Perhaps I too might live free.


Between the World and Me
By Ta-Nehisi Coates

I finished this book last Saturday and immediately thought, "I have to read this again." I finished it for the second time today. I want everyone I know to read it in the hopes we can share the same experience -- that of my eyes and mind opening a little wider, enough to stretch my capacity for empathy, passion, understanding, and anger, more than was possible before. (And I am already very much capable of all of the above.) I witness the brutalities and injustices in this world & country -- especially towards black and Latino women & men -- via the news and continually feel angry but helpless.
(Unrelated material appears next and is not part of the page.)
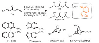 As required by the 'central chirality-controlled construction of axial chirality' strategy [31,32], it would be ideal to obtain the enantiopure centrally chiral precursor. We then started the investigation from asymmetric synthesis of the centrally chiral precursor 3a by rhodium-catalyzed asymmetric conjugate phenylation of indolyl dienone 1a with phenylboronic acid. As summarized in Table 1, chiral bisphosphine-ligated catalysts were able to promote the reaction, but only low yield and moderate stereoselectivity were attainable (entries 1 and 2). Chiral diene ligand [38] proved to be superior to bisphosphine ligand in terms of both reactivity and selectivity in this reaction system (entries 3 and 4), and excellent diastereoselectivity and enantioselectivity were obtained with L1 as the chiral ligand [39]. In addition to ethanol, other solvents such as dioxane and DCE were also suitable for this reaction (entries 4–6). The stereoselectivity was further increased (>20:1 dr, >99% ee) when the reaction was conducted at lower temperature, and the reaction worked equally well with only 1 mol% catalyst loading (entries 7 and 8).

I came out of this reading experience feeling like there was so much more I should know but didn't. I felt similarly after completing The Autobiography of Malcolm X. Ta-Nehisi's words, his intention, his message--directed to his son but meant for everyone--are so beautiful and necessary. It almost feels unjust to reblog so much of what he's written, so I'll try to limit the excerpts:

"I remember being amazed that death could so easily rise from the nothing of a boyish afternoon, billow up like fog." 
(p. 20)

"I loved Malcolm because Malcolm never lied, unlike the schools and their facade of morality, unlike the streets and their bravado, unlike the world of dreamers. I loved him because he made it plain, never mystical or esoteric, because his science was not rooted in the actions of spooks and mystery gods but in the work of the physical world. Malcolm was the first political pragmatist I knew, the first honest man I'd ever heard. He was unconcerned with making the people who believed they were white comfortable in their belief. If he was angry, he said so. If he hated, he hated because it was human for the enslaved to hate the enslaver, natural as Prometheus hating the birds. He would not turn the other cheek for you. He would not be a better man for you. He would not be your morality. Malcolm spoke like a man who was free, like a black man above the laws that proscribed our imagination. I identified with him. I knew that he had chafed against the schools, that he had almost been doomed by the streets. But even more I knew that he had found himself while studying in prison, and that when he emerged from the jails, he returned wielding some old power that made him speak as though his body were his own. "If you're black, you were born in jail," Malcolm said. And I felt the truth of this in the blocks I had to avoid, in the times of day when I must not be caught walking home from school, in my lack of control over my body. Perhaps I too might live free. Perhaps I too might wield the same old power that animated the ancestors, that lived in Nat Turner, Harriet Tubman, Nanny, Cudjoe, Malcolm X, and speak--no act--as though my body were my own."
(pp. 36-7)

October 04, 2015

The Misadventures of Awkward Black Girl


The Misadventures of Awkward Black Girl
By Issa Rae

I spent all of the cold yesterday afternoon in bed catching up on season 1 of Issa Rae's hilarious web series Awkward Black Girl. And I finished her memoir last week. Very good - can't wait to finish the series & follow her new one for HBO!